Mine Closure Article by Marcelo Llano, Red Earth Engineering, a Geosyntec Company, MJ Seyedan, Geosyntec Consultants, Jim Hazzard, Itasca Consulting Group

The following is an article by Marcelo Llano, Red Earth Engineering, a Geosyntec Company, MJ Seyedan, Geosyntec Consultants, Jim Hazzard, Itasca Consulting Group which was published in the Mine Closure 2024 supplement.

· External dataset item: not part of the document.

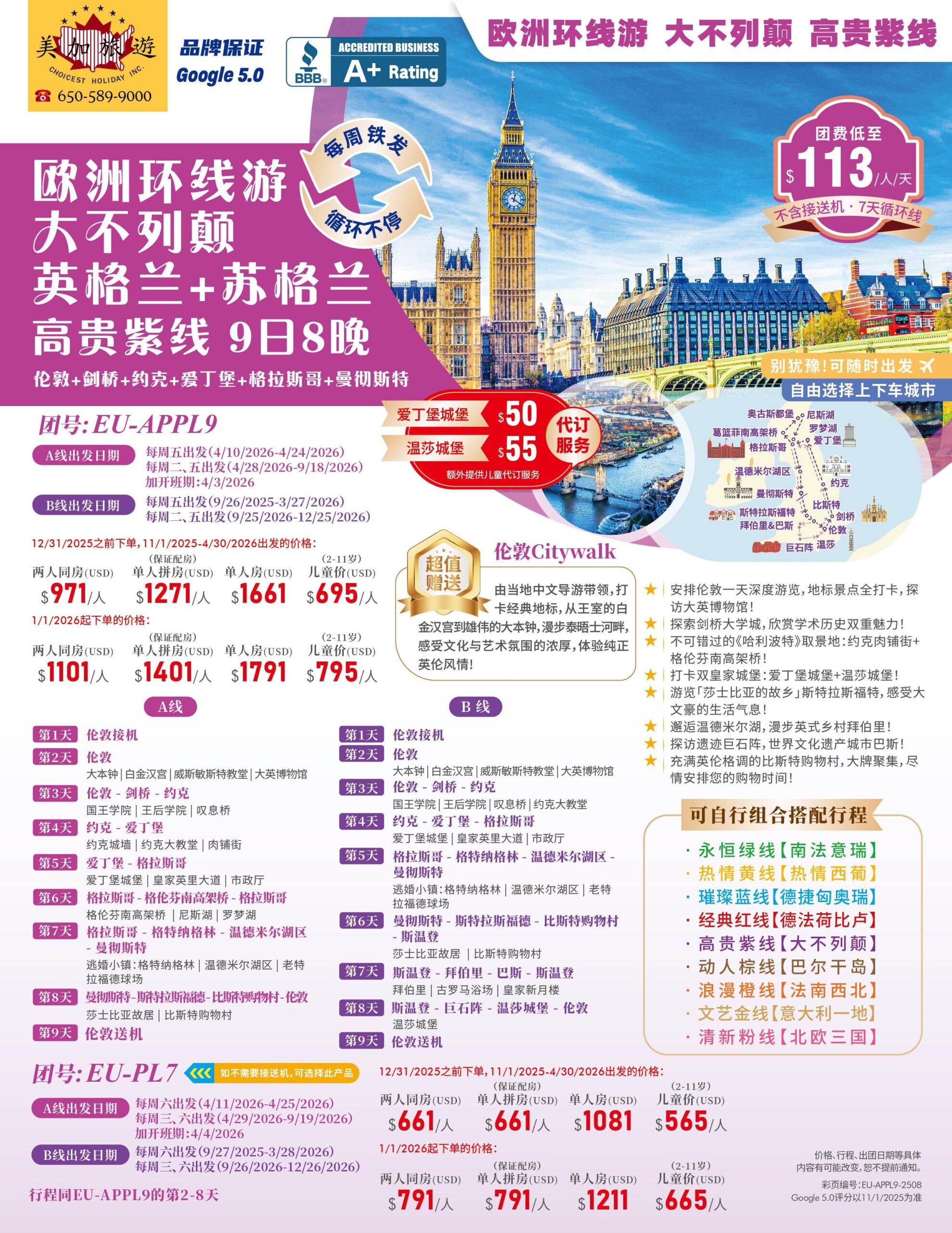 - 服務:全程中英雙語華人導遊服務。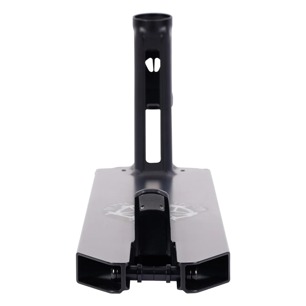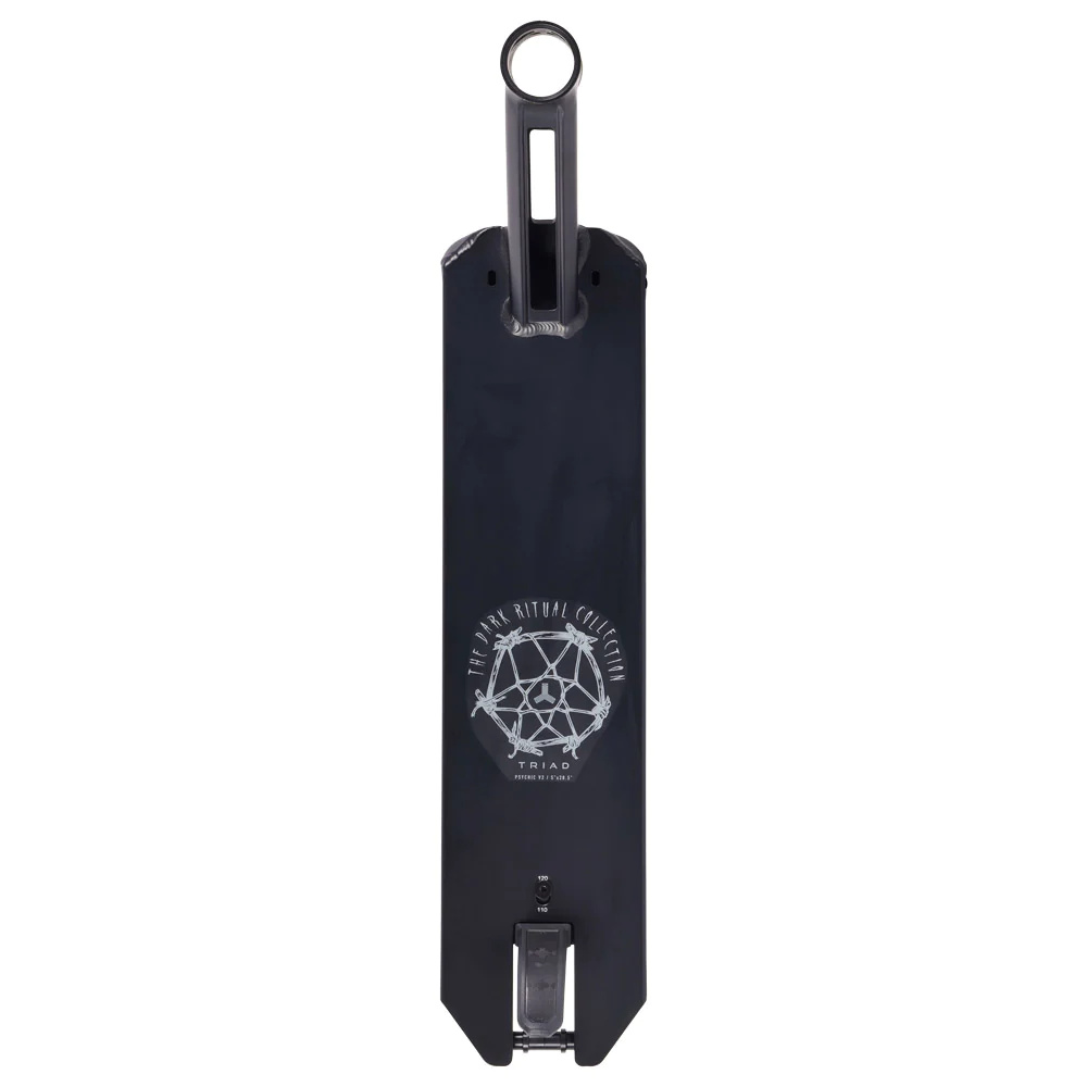 Lehká, pevná deska. Výhodou teto desky je materiál. Je vyrobená z 7000 série hliníku. Takže deska je odolnější. Doporučujeme všem náročnějším park jezdcům. Novinka této řady je krk desky. Ten je z jednoho kusu. Díky tomu deska je pevnější. Fender OFF brzda je skvělá kombinace pružné a nepružné (pevné) brzdy. Můžete se rozhodnout jeslti chcete jezdit Flex fender nebo fender. Tento systémpouze Triad.

A paradigm shift in geotechnical risk management: tailings dam breach analysis using material point method techniques for inactive and closed tailings storage facilities

Risk is defined as a function of two key factors: likelihood and consequence. The likelihood aspect of risk refers to the probability that an event can occur. The consequence component of risk refers to the potential impact of the event. The consequences of a potential dam failure are multifactorial and can include environmental damage, loss of life, economic costs and reputational harm to mining.
The potential consequence of a tailings dam breach is assessed through tailings dam breach analysis (TDBA). The Canadian Dam Association (CDA) technical bulletin on TDBAs, released in 2021, is one of the more recent guidelines published to guide dam safety professionals. CDA constituted a step forward in a discipline that inherited most of the methodologies developed for the water dam industry several decades ago —the CDA guideline highlighted, among other key factors, the complex non-Newtonian flow behaviour exhibited by tailings (CDA 2021). A common misconception in the industry is that when tailings are assumed to behave like water, it results in conservative TDBA consequence estimates (Llano-Serna 2023). The assumption can be partially correct since behaviour like water results in over-predicted inundation areas. However, it under-predicts mudflow depths, particularly near the dam toe, where mining and processing plant infrastructure is usually located. This misinterpretation often results in inadequate risk mitigation measures and mischaracterisation of risk profiles.
Numerous factors and failure modes can cause tailings dam failure. For example, tailings liquefaction has been demonstrated to have played a significant role in recent dam failures like Cadia in Australia, or Fundao and Brumadinho in Brazil. The International Commission on Large Dams (ICOLD) Bulletin 194, recommends following National Academies of Sciences, Engineering, and Medicine (NASEM) for guidance on state-of-practice guidelines to assess earthquake-induced soil liquefaction and its consequences (ICOLD 2023). NASEM highlights the emergence of techniques such as the material point method (MPM) to predict liquefaction and its consequences (NASEM 2021). The United States Society on Dams (USSD), in its most recent update about the analysis of seismic deformation of embankment dams in 2022, highlighted MPM as one of the promising methods for modelling the deformation of embankment dams (USSD 2022).
MPM has been applied in multiple projects in Australia. For example, Figure 1 shows the cross-section of an upstream tailings storage facility (TSF) with a structural zone built using mud farming methods.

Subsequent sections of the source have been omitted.